ACTION ITEM:
From the entries below, copy out all lines holding "also".

DATA LISTING:
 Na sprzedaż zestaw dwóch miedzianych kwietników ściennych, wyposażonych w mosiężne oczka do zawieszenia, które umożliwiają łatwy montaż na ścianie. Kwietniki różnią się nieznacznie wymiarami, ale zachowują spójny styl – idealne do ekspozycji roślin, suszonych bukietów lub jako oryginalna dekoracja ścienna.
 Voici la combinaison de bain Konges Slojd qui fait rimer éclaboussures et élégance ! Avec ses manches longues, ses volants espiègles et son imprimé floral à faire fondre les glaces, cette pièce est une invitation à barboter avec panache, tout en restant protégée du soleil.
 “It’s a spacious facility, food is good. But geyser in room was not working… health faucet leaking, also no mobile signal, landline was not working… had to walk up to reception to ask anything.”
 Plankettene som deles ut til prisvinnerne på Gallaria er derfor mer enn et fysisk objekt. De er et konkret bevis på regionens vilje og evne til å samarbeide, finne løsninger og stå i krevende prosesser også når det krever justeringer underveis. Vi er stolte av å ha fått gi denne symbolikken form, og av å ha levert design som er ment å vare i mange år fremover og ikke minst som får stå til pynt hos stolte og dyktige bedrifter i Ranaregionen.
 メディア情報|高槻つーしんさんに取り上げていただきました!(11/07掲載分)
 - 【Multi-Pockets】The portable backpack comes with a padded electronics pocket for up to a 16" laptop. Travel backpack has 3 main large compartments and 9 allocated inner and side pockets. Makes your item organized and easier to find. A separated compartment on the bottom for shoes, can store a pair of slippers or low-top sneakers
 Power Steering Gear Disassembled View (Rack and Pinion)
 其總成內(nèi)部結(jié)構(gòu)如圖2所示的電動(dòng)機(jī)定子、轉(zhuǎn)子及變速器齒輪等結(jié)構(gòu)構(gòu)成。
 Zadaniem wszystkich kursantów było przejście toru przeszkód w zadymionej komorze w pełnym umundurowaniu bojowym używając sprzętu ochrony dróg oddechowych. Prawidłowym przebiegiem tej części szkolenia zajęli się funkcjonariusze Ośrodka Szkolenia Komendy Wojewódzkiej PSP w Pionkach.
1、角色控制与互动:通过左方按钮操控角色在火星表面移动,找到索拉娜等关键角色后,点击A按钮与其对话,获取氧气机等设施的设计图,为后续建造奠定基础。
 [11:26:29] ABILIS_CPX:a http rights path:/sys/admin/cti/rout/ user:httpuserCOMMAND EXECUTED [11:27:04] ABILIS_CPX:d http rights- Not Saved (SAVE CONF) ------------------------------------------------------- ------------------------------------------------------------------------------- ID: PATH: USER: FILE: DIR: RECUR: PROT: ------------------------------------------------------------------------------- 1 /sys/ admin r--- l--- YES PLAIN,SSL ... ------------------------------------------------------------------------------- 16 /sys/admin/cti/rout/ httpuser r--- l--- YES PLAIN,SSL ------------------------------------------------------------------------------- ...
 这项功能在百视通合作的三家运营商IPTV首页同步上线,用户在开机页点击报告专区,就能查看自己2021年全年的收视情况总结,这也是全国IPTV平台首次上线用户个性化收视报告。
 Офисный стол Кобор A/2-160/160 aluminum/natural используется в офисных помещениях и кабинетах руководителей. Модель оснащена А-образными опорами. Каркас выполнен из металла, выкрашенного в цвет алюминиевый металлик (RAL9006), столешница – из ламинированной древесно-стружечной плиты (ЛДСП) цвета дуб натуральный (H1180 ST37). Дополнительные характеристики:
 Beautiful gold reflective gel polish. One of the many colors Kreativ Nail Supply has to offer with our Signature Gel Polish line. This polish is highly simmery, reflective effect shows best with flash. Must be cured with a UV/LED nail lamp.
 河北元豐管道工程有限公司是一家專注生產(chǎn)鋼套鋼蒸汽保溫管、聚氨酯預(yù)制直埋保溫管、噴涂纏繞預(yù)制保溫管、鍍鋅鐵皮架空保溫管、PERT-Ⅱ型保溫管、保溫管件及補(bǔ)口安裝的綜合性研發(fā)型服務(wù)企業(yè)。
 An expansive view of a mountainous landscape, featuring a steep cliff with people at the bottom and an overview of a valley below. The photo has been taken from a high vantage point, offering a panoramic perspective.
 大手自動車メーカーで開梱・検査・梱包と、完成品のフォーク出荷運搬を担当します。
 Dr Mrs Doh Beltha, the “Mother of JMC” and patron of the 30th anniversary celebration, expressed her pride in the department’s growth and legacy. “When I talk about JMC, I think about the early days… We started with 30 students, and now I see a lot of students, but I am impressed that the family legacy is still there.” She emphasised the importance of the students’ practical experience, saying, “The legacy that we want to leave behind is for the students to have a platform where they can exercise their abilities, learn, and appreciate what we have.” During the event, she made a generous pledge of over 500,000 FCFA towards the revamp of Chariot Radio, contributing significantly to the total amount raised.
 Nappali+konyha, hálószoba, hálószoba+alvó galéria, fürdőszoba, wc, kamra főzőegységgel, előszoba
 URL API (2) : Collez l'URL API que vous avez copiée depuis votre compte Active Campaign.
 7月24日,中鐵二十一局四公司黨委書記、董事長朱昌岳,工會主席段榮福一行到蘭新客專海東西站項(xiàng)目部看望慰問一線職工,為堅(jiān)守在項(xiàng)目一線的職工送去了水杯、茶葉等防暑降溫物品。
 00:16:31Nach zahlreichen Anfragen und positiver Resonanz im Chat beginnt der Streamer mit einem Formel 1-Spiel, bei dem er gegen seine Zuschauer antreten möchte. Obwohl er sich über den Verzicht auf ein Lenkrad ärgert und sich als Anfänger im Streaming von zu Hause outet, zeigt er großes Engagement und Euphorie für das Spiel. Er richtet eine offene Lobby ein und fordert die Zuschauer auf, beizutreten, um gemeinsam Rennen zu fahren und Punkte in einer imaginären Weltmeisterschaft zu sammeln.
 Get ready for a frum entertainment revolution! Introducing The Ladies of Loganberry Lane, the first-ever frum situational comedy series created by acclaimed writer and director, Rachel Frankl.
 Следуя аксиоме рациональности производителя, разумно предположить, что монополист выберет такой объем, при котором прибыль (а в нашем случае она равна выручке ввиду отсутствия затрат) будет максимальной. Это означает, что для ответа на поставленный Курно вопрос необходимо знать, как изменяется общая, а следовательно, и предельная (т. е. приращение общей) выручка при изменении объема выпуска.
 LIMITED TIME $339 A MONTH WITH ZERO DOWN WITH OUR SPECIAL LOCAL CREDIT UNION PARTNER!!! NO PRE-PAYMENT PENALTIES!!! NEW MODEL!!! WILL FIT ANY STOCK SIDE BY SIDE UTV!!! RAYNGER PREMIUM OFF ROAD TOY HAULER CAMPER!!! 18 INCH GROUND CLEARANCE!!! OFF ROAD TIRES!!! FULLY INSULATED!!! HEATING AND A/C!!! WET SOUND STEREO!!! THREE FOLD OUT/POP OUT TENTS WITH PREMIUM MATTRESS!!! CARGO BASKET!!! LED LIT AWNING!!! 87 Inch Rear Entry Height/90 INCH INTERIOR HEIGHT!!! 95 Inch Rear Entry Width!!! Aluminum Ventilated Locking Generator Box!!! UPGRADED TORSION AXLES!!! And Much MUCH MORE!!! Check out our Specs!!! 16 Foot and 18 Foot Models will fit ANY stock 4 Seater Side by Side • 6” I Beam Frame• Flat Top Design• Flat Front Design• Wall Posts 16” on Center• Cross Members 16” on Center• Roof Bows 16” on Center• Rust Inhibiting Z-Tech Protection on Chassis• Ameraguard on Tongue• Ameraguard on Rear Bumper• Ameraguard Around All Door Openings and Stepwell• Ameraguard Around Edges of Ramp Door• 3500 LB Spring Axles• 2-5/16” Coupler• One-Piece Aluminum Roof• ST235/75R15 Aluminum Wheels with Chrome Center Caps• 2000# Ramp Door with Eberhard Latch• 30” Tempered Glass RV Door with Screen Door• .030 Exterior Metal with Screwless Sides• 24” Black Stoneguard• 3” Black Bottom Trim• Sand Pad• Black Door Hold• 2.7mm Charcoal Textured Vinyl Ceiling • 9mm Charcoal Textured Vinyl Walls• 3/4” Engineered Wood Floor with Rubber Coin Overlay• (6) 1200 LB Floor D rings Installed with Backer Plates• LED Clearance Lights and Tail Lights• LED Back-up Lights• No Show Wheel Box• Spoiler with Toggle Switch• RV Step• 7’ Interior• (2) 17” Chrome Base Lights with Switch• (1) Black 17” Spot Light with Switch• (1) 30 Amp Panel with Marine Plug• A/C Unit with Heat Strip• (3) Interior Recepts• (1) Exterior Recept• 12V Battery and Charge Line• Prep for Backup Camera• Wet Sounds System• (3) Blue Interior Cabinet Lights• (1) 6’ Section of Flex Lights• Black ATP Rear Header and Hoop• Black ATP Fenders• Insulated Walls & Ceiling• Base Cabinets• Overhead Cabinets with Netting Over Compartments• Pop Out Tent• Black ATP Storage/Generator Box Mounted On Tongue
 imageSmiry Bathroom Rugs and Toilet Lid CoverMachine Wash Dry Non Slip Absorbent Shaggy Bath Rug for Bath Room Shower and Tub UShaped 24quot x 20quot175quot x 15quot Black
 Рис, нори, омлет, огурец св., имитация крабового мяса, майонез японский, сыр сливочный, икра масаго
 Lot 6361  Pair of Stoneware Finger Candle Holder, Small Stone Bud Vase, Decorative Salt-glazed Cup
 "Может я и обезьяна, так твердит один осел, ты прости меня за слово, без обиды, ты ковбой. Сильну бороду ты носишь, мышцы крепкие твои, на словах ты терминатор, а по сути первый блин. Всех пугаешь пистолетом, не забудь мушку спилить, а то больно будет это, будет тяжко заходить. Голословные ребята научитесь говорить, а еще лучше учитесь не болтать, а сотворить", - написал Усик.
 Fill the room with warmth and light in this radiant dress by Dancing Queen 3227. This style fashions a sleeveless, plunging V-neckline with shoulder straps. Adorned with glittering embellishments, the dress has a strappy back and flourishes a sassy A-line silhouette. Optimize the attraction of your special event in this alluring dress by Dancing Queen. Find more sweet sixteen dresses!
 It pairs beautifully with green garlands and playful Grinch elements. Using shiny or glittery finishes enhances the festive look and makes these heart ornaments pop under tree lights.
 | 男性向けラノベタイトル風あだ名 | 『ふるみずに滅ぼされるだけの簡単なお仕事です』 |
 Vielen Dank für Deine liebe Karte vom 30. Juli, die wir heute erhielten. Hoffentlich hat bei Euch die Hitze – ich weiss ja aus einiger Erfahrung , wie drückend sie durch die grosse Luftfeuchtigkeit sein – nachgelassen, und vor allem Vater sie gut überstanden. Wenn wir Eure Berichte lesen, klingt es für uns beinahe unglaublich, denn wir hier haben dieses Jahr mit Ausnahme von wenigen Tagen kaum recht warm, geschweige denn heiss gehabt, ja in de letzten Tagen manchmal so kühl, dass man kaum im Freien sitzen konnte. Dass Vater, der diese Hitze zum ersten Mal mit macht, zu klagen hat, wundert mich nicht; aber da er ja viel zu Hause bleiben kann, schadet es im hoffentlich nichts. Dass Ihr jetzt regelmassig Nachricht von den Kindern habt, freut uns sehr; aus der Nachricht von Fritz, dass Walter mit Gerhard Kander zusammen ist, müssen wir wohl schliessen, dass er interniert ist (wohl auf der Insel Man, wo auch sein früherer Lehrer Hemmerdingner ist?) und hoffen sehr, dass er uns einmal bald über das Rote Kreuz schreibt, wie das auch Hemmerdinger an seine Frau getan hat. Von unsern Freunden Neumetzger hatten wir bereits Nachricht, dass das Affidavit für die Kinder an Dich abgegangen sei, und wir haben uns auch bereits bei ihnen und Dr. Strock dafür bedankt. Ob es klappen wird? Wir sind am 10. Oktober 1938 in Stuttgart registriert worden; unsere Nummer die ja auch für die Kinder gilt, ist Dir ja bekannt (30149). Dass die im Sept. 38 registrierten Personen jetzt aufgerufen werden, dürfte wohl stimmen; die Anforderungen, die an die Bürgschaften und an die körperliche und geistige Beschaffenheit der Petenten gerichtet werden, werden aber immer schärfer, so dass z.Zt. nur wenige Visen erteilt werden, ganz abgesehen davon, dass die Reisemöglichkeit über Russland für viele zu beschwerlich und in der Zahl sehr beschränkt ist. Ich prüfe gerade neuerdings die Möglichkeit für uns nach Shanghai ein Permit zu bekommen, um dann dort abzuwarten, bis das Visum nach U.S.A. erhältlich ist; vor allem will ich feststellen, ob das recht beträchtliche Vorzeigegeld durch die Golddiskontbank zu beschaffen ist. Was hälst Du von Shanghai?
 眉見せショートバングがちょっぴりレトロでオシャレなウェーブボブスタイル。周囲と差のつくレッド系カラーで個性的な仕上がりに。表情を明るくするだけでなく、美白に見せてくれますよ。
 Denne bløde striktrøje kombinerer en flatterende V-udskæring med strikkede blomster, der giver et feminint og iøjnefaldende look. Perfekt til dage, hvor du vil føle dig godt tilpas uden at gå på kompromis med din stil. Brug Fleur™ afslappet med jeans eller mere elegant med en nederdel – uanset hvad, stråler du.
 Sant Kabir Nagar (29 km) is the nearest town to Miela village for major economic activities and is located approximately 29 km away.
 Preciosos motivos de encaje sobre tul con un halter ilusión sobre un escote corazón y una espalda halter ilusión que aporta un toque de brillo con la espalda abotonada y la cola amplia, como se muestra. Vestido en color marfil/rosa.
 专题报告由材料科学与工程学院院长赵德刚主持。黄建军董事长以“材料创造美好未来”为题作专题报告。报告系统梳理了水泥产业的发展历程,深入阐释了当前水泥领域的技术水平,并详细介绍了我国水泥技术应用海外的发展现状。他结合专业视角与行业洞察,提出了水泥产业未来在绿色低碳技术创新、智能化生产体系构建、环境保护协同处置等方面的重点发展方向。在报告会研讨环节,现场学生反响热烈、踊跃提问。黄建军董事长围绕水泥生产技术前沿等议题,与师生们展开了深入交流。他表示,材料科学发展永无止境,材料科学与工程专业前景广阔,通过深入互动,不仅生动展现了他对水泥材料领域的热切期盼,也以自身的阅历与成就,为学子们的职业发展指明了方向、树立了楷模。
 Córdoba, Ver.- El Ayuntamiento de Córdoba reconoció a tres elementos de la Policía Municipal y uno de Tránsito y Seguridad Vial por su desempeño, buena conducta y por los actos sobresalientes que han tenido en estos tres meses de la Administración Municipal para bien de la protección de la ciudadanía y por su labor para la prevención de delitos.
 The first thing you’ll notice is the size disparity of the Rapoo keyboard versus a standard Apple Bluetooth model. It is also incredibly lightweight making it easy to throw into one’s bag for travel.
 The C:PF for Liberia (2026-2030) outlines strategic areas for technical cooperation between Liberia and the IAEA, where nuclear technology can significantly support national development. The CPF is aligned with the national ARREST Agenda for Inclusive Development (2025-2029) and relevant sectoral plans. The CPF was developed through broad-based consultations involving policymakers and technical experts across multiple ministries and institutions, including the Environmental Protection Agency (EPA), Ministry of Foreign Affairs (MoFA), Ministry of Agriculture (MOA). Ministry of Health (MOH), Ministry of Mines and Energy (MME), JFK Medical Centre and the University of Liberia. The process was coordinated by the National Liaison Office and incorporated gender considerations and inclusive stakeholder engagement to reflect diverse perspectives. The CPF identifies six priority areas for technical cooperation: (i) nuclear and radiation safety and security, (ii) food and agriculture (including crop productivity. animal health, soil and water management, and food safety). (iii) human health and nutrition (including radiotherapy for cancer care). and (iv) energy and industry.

ANSWER TO THIS TASK:
 “It’s a spacious facility, food is good. But geyser in room was not working… health faucet leaking, also no mobile signal, landline was not working… had to walk up to reception to ask anything.”
 The first thing you’ll notice is the size disparity of the Rapoo keyboard versus a standard Apple Bluetooth model. It is also incredibly lightweight making it easy to throw into one’s bag for travel.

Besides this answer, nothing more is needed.